Das alles kümmert Herrn Kuckuck herzlich wenig. Er liegt seelenruhig in seinem Bett, lässt sich von den Besuchern geduldig drehen und wenden. Nicole Ludwig: „Es ist meine zweite Ausbildung nach einer Lehre zur Bürokauffrau. Irgendwann habe ich gemerkt, dass mir der Altenpflege-Beruf liegt." Aufgefallen ist ihr, dass „unser Beruf in der Gesellschaft endlich mehr wertgeschätzt wird. Auch die Bezahlung hat sich deutlich verbessert.“ Zum Cornelius-Werk gehört weit mehr als die Altenpflege, erklärt Frank Garnich seinen jungen Besuchern. Der pädagogische Leiter aus der Jugendhilfe sagt: „Der Schwerpunkt unserer Angebote liegt im Bereich der Hilfen zur Erziehung.“ Das Corneius-Werk ist eine Einrichtung der Diakonie. 

Die BOM 2020 ist die 17. Berufsorientierungsmesse an den Burger Berufsschulen. "Ziel dieser Messe ist, das Ausbildungsangebot unserer Schule vorzustellen. Unsere Schüler und Lehrkräfte der vollzeitschulischen Bildungsgänge übernehmen das genauso wie die Betriebe der Dualen Ausbildung", erklärt die stellvertretende Schulleiterin Susanne Röver. 

Neu war in diesem Jahr, dass auch Freizeitangebote präsentiert wurden, unter anderem der Verein "Skate & Roll " sowie das Kinder- und Jugendforum der Stadt Burg.
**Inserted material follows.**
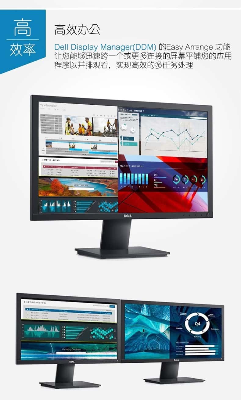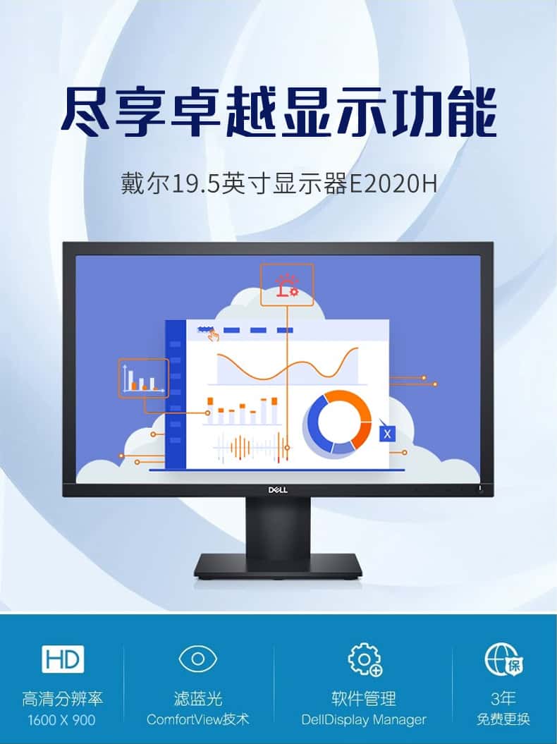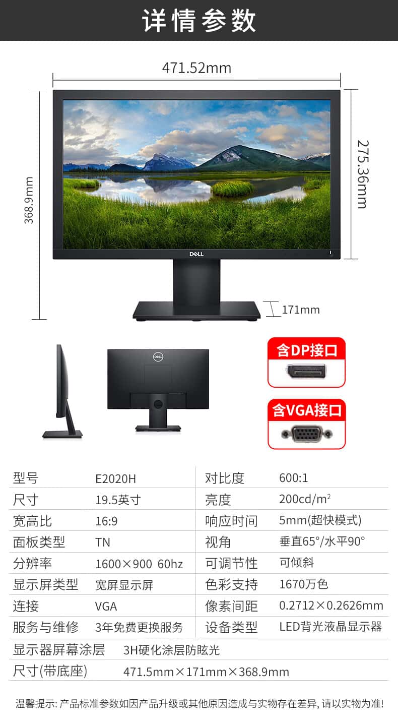 戴尔(DELL)E2020H办公商务显示器19.5英寸DP+VGA接口防眩光TN屏倾斜可调整

60 Unternehmen, Institutionen und Vereine hatten sich in 18 Berufs- und Schwerpunktfelder präsentiert. 870 Schüler der 9. und 10. Klassen des Jerichower Landes (Sekundarschulen, Förderschulen und des Burger Roland-Gymnasiums) waren neben den Schülern der Berufsbildenden Schulen im Haus unterwegs und haben sich an den Mitmachstationen ausprobiert.

Daumen hoch: Im Café "ConTACKt" haben die Schüler der Altenpflege 245 Euro für das Evangelische Hospiz in Stendal gesammelt. Die Übergabe wird demnächst stattfinden.